The dollar fell to record lows against the euro and a basket of six major currencies as traders prepared for an anticipated Federal Reserve interest rate cut later this week and fretted that record oil prices approaching $100 a barrel could further weaken U.S. economic growth.
With no major UK economic data releases or policymakers' speeches scheduled for Monday, the pound took its direction from the dollar.
"It's a dollar weakness story at the minute rather than a sterling strength story," said Paul Robinson, currency strategist at Barclays Capital in London.
"It's a very important week for the U.S. ... (and) sentiment remains very weak on the dollar and the economy in general."
At 0850 GMT, sterling was up a quarter of a percent against the dollar at $2.0582, its highest in three months.

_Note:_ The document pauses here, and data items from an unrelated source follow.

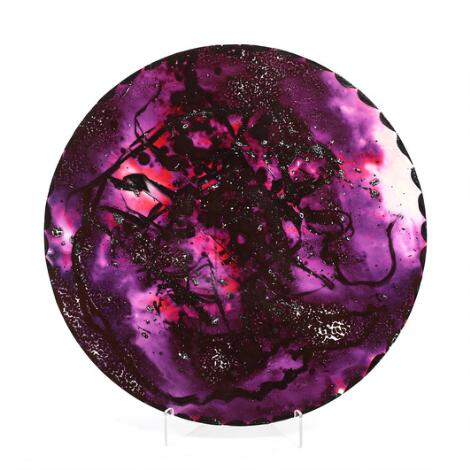 Tróndur Patursson: Untitled. Unsigned. A circular purple glass dish, decorated with dark decoration. Diam. 50 cm.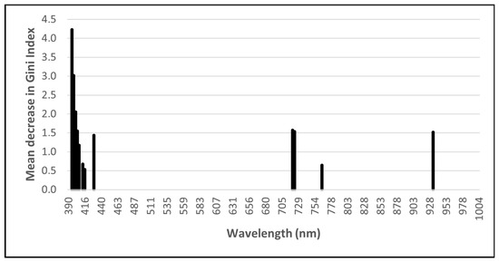 Variable importance is a useful by-product of random forest (RF), used for feature ranking. Thus, RF variable importance reveals which wavebands (or waveband set) are most relevant for classification [60]. In this study, Gini importance was used as a measure of waveband importance. The Gini importance score quantifies the predictive ability of each variable; hence, it gained importance measures over all the trees in the RF [60]. The most essential features from a data set for classifying plant species were identified through feature selection. The best spectral bands were chosen using the feature selection algorithm known as guided regularised random forest (GRRF).
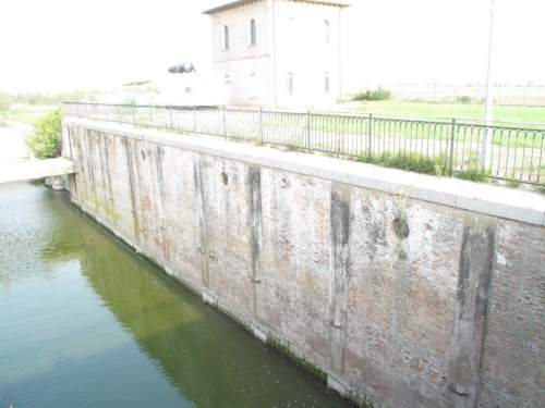 resti strutturali idraulici, compresenza di setti murali in muratura in laterizio a vista con piccola forometria circolare seriale, conclusi da copertine in materiale artificiale, presenza di un parapetto in ferro lungo i setti murali.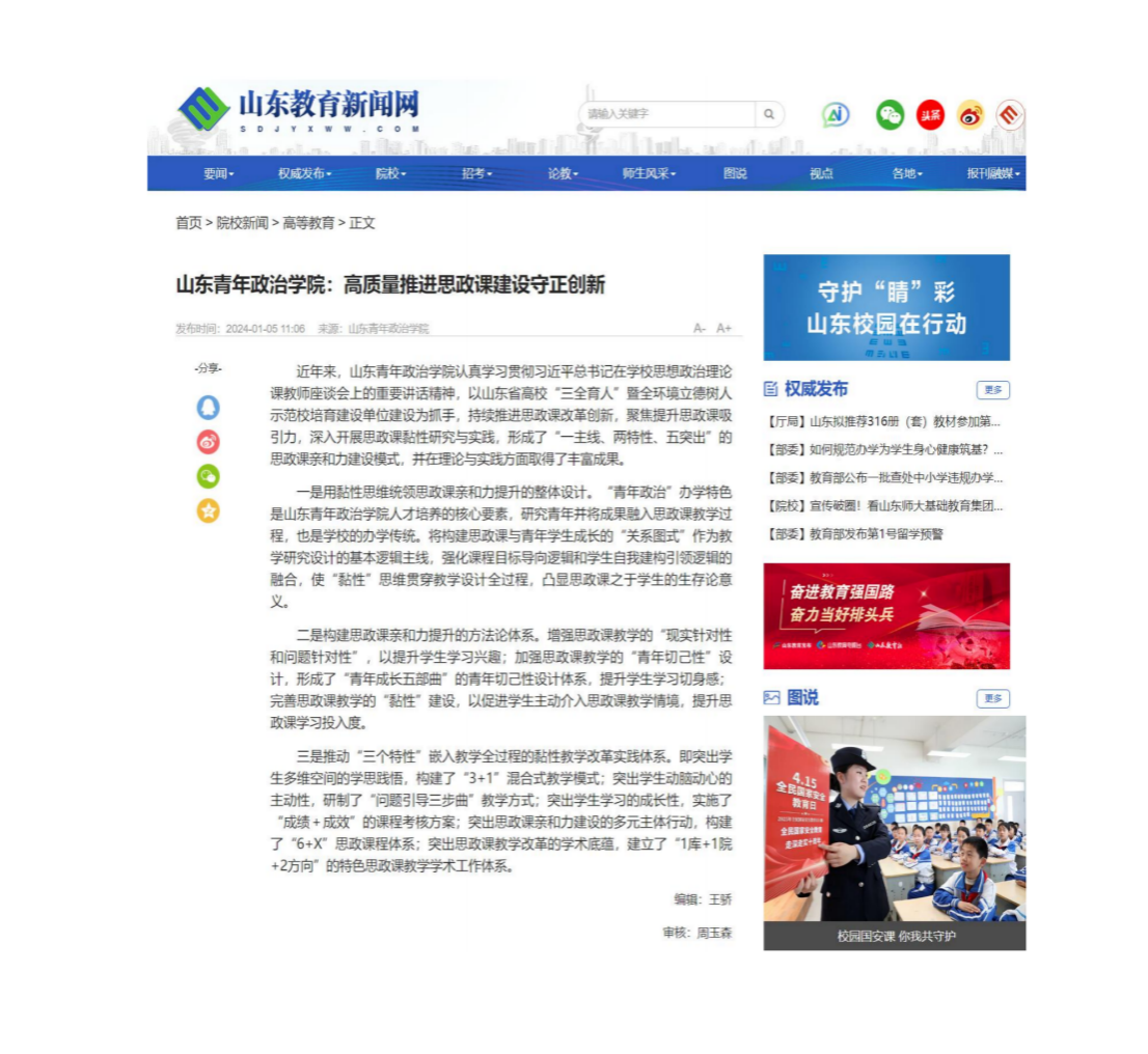部分媒体对学校思政育人成果的报道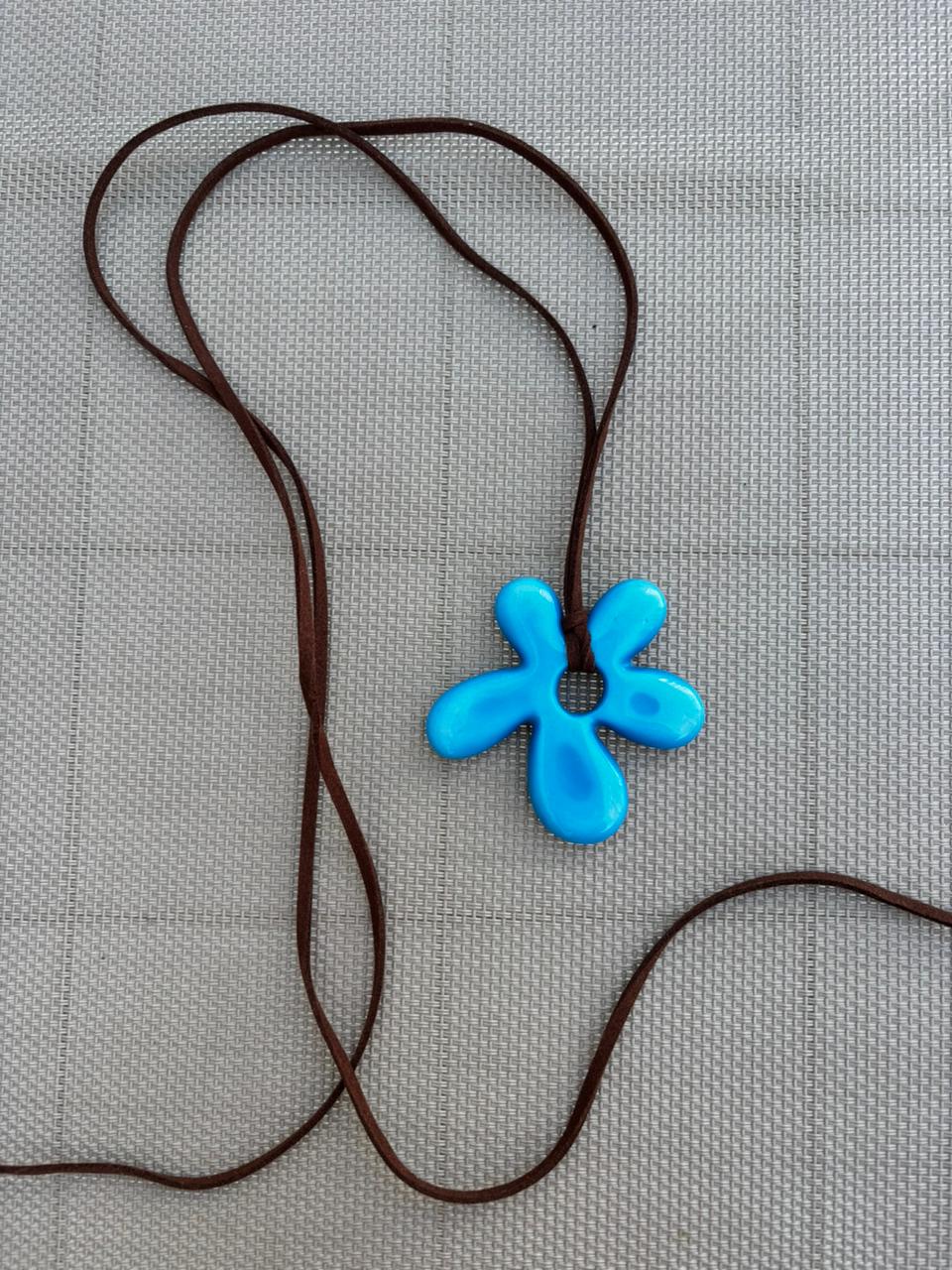 Collar con dije de resina y tira de cuero.

That took "cable" within a cent of the 26-year high of $2.0655 struck on July 24.
The euro was 0.1 percent weaker against the pound at 70.05 pence.
The three key U.S. events this week are likely to be the Fed's rate decision on Wednesday, the first estimate of gross third quarter domestic product growth the same day, and release of October's non-farm payrolls report on Friday.
Traders and analysts expect the Fed to cut rates a quarter point to 4.5 percent, third quarter GDP to come in at a relatively robust 3 percent, and payrolls to show a net 80,000 increase in job creation.
There are no heavyweight UK economic indicators due this week, although house price data on Wednesday could give some steer on the Bank of England's rate path and consumer spending in the coming months.
The Nationwide building society's October house price index is expected to show the rate of increase slowing to 0.3 percent on the month and 8.6 percent on the year.